Был месяц июнь. Событие, к которому мы привлекаем внимание терпеливого читателя, встряхнувшее жизнь города, поднявшее муть с самого его дна и попытавшееся расплескать пену достойнейших с поверхности, произошло в июне месяце, а именно в ту его счастливую часть, о которой знают только работники сельского, в прошлом социалистического, хозяйства. Это когда будущий урожай еще только закопан в землю, а закопанный раньше еще не созрел. Какие праздники и застолья устраивались в эту пору! Какие тосты поднимались! Какой бы рай был на земле, если бы эти тосты сбывались хоть на одну сотую часть? Сколько огненной жидкости утекало через миллионы глоток? И насколько огромной была бы труба, если бы кто-то мог объединить все эти глотки в одну?
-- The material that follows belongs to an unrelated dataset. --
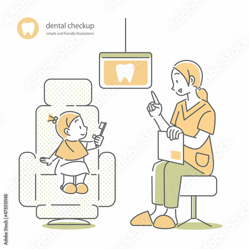 toothbrush, toddler, children, girl, smile, woman, sweet, dental, dentist, teeth, people, dentist, hygienist, treatment, training, monitor, personal computer, version, counseling, conversation, show, two people, patient, personal computer, clipboard, clinic, natural, chair, illustration, japanese

А если бы эта труба еще и запела, как она умеет?!

Об этом, а также еще о чем-то, не выражаемом членораздельными звуками, думал некто Петров (фамилия подлинная), управляя обшарпанным трамваем и мучаясь всем организмом из-за последствий одного из вышеуказанных застолий. Бесконечная длина уходящих вперед и влево рельсов и общая неустроенность и «невезуха» частной жизни делали его лицо похожим на фотографию, которую слегка помяли перед экспонированием, а затем основательно передержали в проявителе.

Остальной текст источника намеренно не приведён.